Memory is lazily allocated
--------------------------

What makes it even more complicated to properly relate heap memory and resident
memory is that memory is lazily allocated by the OS. For example, if you call
one the system allocator APIs (``malloc`` for example), it may return instantly
without actually allocating memory at all. It still will give you a pointer to a
chunk of memory that you can use, but memory will only be allocated when you write to that pointer.
``malloc`` promises you the memory chunk but you only get it for real when you
really need it. This means that heap memory will increase as soon as the
allocator API is called but resident memory will only increase once you actually
write to that memory.

For instance, consider this code: ::

    import time
    import numpy
    time.sleep(1)
    big_array = numpy.empty(1_000_000)
    time.sleep(1)
    big_array[:] = 42.0
    time.sleep(1)

If you run ``memray`` against this code and generate a flamegraph, you will see
the following plot:

.. image:: _static/images/rss_vs_heap.png

As you can see in the plot, the line for the heap size increases first
(corresponding to the call to ``numpy.empty``) but the resident size does not
increase inmediately. Instead, the resident size only increases after we have
populated the whole array with floating point numbers. Is only at this moment
when the OS will actually allocate the necessary memory pages to satisfy our
initial request. Notice that this happens when memory is **written** to the
array, so a memory profiler **won't be able to tell you what makes the resident
size grow** as it doesn't have visibility into when pages are actually assigned.

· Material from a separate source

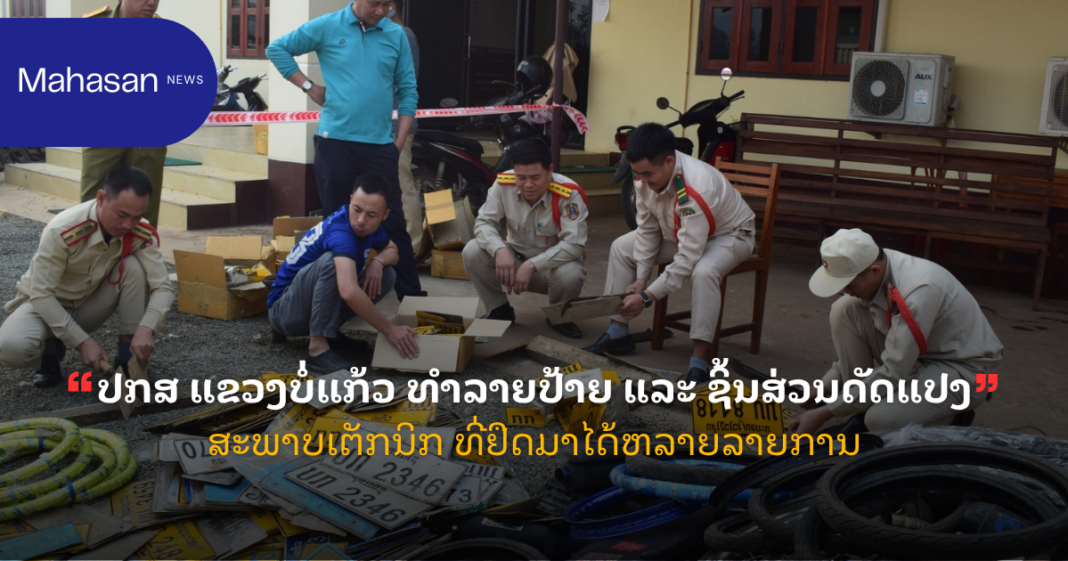 ວັນທີ 10 ເມສາ 2026 ພະແນະຈາລາຈອນຫ້ອງຕໍາຫລວດ ກອງບັນຊາການ ປກສ ແຂວງບໍ່ແກ້ວ ໄດ້ສົມທົບກັບພະແນກ ໂຍທາທິການ ແລະ ຂົນສົ່ງ ແຂວງບໍ່ແກ້ວ ຈັດພິທີທໍາລາຍປ້າຍ ແລະ ສິ້ນສ່ວນດັດແປງສະພາບເຕັກນິກ ຜິດລະບຽບການສັນຈອນທາງບົກ ທີ່ພະແນກຈະລາຈອນສາມາດກັກໄດ້ ແລະ ນຳມາທຳລາຍຄັ້ງນີ້ມີ:

Memory is not freed immediately
-------------------------------

Another thing that makes difficult to relate heap memory and resident memory is
that memory is not freed immediately after it is no longer needed. This is
because the system allocator may not release the memory to the OS when it is no
longer needed. This means that once you call a deallocator API (``free`` for
example), the implementation may not free the memory for real until later. This means
that you may see the heap size decrease but the resident memory size may
not decrease yet.

For instance, consider this code: ::

    import time
    import numpy
    time.sleep(1)
    big_array = numpy.empty(1_000_000)
    time.sleep(1)
    big_array[:] = 42.0
    time.sleep(1)
    del big_array
    time.sleep(1)

If you run ``memray`` against this code and generate a flamegraph, you will see the following the following plot:

.. image:: _static/images/rss_vs_heap_no_free.png

As you can see in the plot, the line for the heap size decreases after we delete
the array (corresponding to the call to ``del``) but the resident size does not
decrease inmediately. Instead, the resident size will only decrease (not shown
in this plot) after the system allocator determines that it is a good idea to free
the memory pages.  Notice that this happens when pages are released, so a
memory profiler **won't be able to tell you what makes the resident size
decrease** as it doesn't have visibility when pages are actually unmapped.

Memory is shared
----------------

Another thing that makes it difficult to relate heap memory and resident memory is
that memory is shared. This means that the same memory pages can be used by
different processes. This happens for instance when you fork a process. When you
fork a process, the child process will initially share the same memory pages with the
parent process. This means that the resident memory size that the child process
requires will not increase until copy on write (COW) is triggered. You can read
more about COW in the `Wikipedia page <https://en.wikipedia.org/wiki/Copy-on-write>`_.

Memory can be fragmented
------------------------

Another thing that makes it difficult to relate heap memory and resident memory is
that memory can be fragmented. This means that the memory that is allocated by
the system allocator may be spread around the address space in different
fragments. This means that the resident memory size will increase/decrease in
unpredictable ways. This happens because the system allocator may not be able to
reuse memory that has been freed before.

Memory fragmentation results in seemingly unnecessary requests to the OS
for more memory. Even when the sum of the space already available for the memory
allocator is large enough to satisfy a memory allocation request, it's possible
no individual fragment (or set of contiguous fragments) is large enough to satisfy that
memory allocation request.  Memory fragmentation is caused by a combination of
the allocation strategy used by the allocator you are using, the sizes and
alignments of the internal structures, and the memory allocation
behavior of your application.

Detecting fragmentation is a very difficult task because it depends on the system
allocator that you are using. If you are using GLIBC's ``malloc`` for example,
you can use the ``malloc_stats`` API to get information about the memory
allocator. This API will give you information about the number of free chunks
and the total size of the free chunks. If you see that the number of free chunks
is large but the total size of the free chunks is small, then you may be
suffering from memory fragmentation. You can read more about this in the `man
page <https://man7.org/linux/man-pages/man3/malloc_stats.3.html>`_.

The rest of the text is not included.